As I waited outside I asked one of the older women who is amazing if she danced professionally. She blushed and she said I made her day. She apparently is Spanish and said it was genetic.
I headed into class, happy to have made someone's day and excited to get a spot in the center by the regulars. I could see what's going on!! I wouldn't spend half the class dodging flailing arms and running into people going the wrong way!
The music started.
I cha-cha'd. I salsa'd. After 2 songs we took a water break--
"Okay, grab some water."
Since I was in the middle, my water was at the edge of the room. I went, took a sip and as I went to move back into my primo spot- SHE moved in.
She avoided eye contact. I glared.
She had committed a fitness class faux pas- you don't bogart someone's spot during a water break!
No, it's not a written rule. It's simple etiquette people.
And it also left me homeless. There were no spots available. The class is packed. The late people had filtered in. So as I tried to squeeze in to find a spot, people gave ME dirty looks. Hey, I was there on time. I had my spot. Don't be giving me the hairy eyeball.
And to make it worse, I finally ended up next to Flailing Girl. The one who gets a little too into it. Everyone knows. That's why there was space around her.
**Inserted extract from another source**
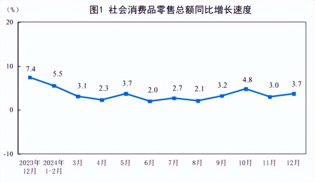 来源:国家统计局网站:2024年12月份社会消费品零售总额增长3.7%

She does a little independent footwork as well. I spent half the class ducking her wild and crazy arms as she truly marched to the beat of her own drummer. I tried to meander to a new spot, but no go.
During the next water break I tried to get my spot back, but SHE wouldn't move.
And then I saw it.
The blinged out half shirt said-- I couldn't make this up "Jesus Loves Me."
The fact that the woman was in her 50's, had a pony tail and a tanning booth tan was hilarious.
The fact that she was in a bedazzled Jesus half-shirt was BEYOND funny.
It was a little hard to keep a straight face. Fortunately, since she was avoiding eye contact, she didn't see me cracking up. I kept thinking "WWJD?" I think Jesus would have politely moved to the back of the class and let me return to my awesome spot.
So I spent the rest of the class meandering from spot to spot, avoiding Flailing Girl and apologizing for blocking people-- because that's how I roll. The Catholic in me runs deep- I feel guilty even when it isn't my fault.
If only Father Ed had worn a bedazzled t-shirt perhaps I would have been more confident. I would have felt it was my Christian duty to take my rightful spot in class.
But alas, I am me.
Plus, I had on my "Life is Good" shirt with the happy, smiling stick figure in the lotus position. My t-shirt advertised peace, love & happiness. Kicking the crap out of the bedazzled, pony tailed, overly tan Jesus lover probably would not have been the best solution. Although I would be lying if I didn't say the thought occurred to me....
Because in the end, life is good. Computer issues, taxes, bad drivers, craziness- it's all part of it. And I think bedazzled Jesus would agree.
Too bad the shirt didn't say "Do Unto Others"...
Comments
Also, I accidentally deleted your comment on my first post-- I fat fingered the button on my phone and deleted it rather than posted it. Arggh.